**Material provided**
[Start of Attachment]

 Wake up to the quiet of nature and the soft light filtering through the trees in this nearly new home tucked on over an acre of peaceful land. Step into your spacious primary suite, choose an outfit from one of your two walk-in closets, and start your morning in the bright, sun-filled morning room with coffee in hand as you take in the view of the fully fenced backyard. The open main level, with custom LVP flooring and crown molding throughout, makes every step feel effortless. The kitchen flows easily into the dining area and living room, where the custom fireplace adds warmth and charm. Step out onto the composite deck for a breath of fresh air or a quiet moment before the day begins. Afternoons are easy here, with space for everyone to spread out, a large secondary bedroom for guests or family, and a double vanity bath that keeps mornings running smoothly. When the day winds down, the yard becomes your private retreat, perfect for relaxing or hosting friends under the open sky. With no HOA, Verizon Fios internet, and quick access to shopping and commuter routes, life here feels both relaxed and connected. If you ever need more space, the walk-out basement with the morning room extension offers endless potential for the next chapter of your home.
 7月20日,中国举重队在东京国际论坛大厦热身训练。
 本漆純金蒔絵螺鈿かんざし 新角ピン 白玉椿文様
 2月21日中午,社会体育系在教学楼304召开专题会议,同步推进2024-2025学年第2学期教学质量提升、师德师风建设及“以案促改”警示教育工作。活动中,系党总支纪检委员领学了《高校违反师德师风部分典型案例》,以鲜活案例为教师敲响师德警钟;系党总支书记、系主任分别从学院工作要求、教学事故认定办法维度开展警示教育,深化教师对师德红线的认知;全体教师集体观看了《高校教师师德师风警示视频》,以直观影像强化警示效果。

[End of Attachment]
[Start of Attachment]

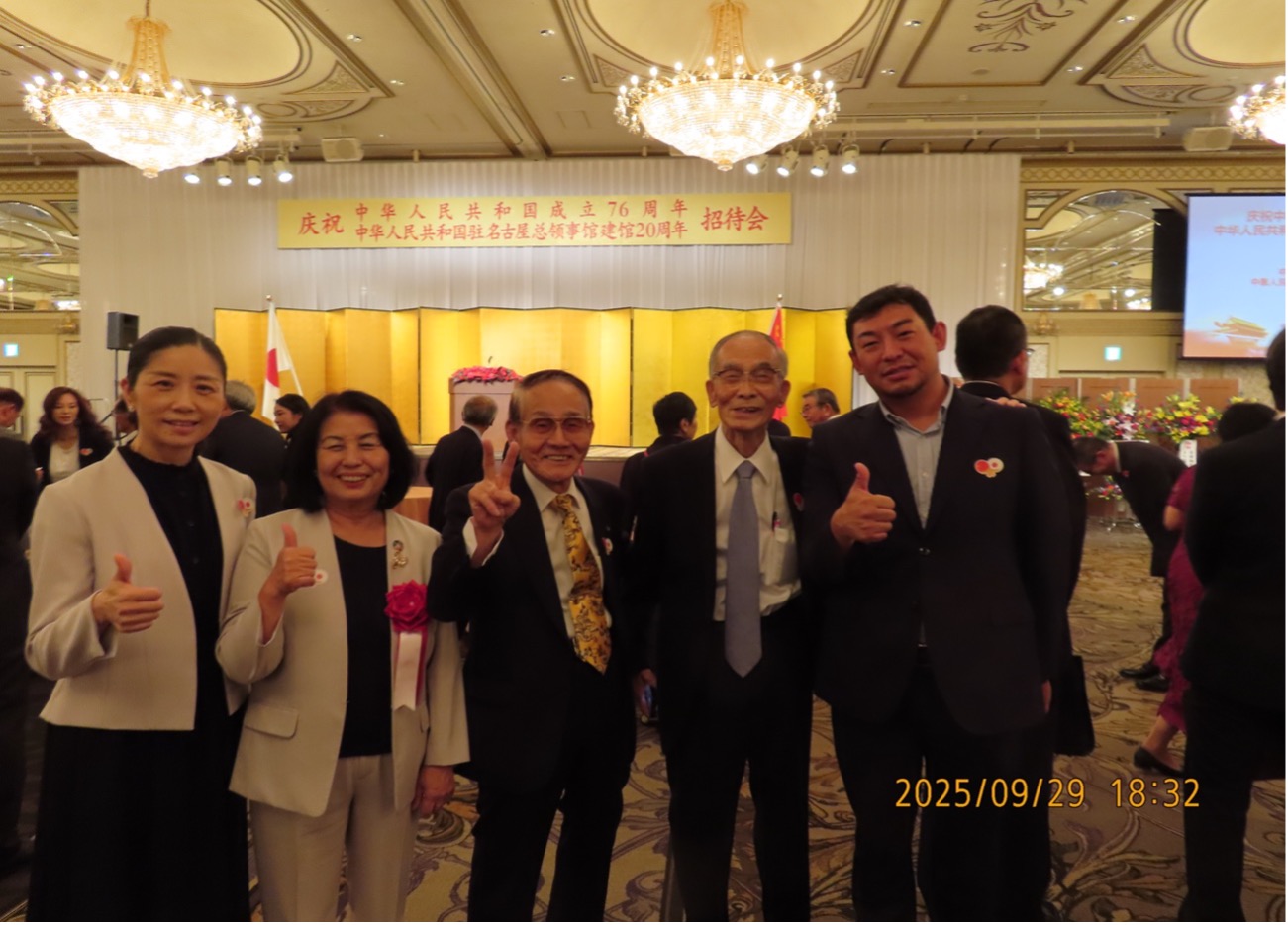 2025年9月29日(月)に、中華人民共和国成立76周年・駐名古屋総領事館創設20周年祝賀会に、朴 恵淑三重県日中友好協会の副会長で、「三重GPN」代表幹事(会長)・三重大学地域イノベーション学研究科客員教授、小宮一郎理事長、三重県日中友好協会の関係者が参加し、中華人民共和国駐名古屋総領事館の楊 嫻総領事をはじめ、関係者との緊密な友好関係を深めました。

[End of Attachment]

**Exercise description**
From the material above, set down exactly the lines starting at the one with "7月20日,中国举重队在东京国际论坛大厦热身训练。" and ending at the one with "2月21日中午,社会体育系在", end lines included.

**Final answer**
 7月20日,中国举重队在东京国际论坛大厦热身训练。
 本漆純金蒔絵螺鈿かんざし 新角ピン 白玉椿文様
 2月21日中午,社会体育系在教学楼304召开专题会议,同步推进2024-2025学年第2学期教学质量提升、师德师风建设及“以案促改”警示教育工作。活动中,系党总支纪检委员领学了《高校违反师德师风部分典型案例》,以鲜活案例为教师敲响师德警钟;系党总支书记、系主任分别从学院工作要求、教学事故认定办法维度开展警示教育,深化教师对师德红线的认知;全体教师集体观看了《高校教师师德师风警示视频》,以直观影像强化警示效果。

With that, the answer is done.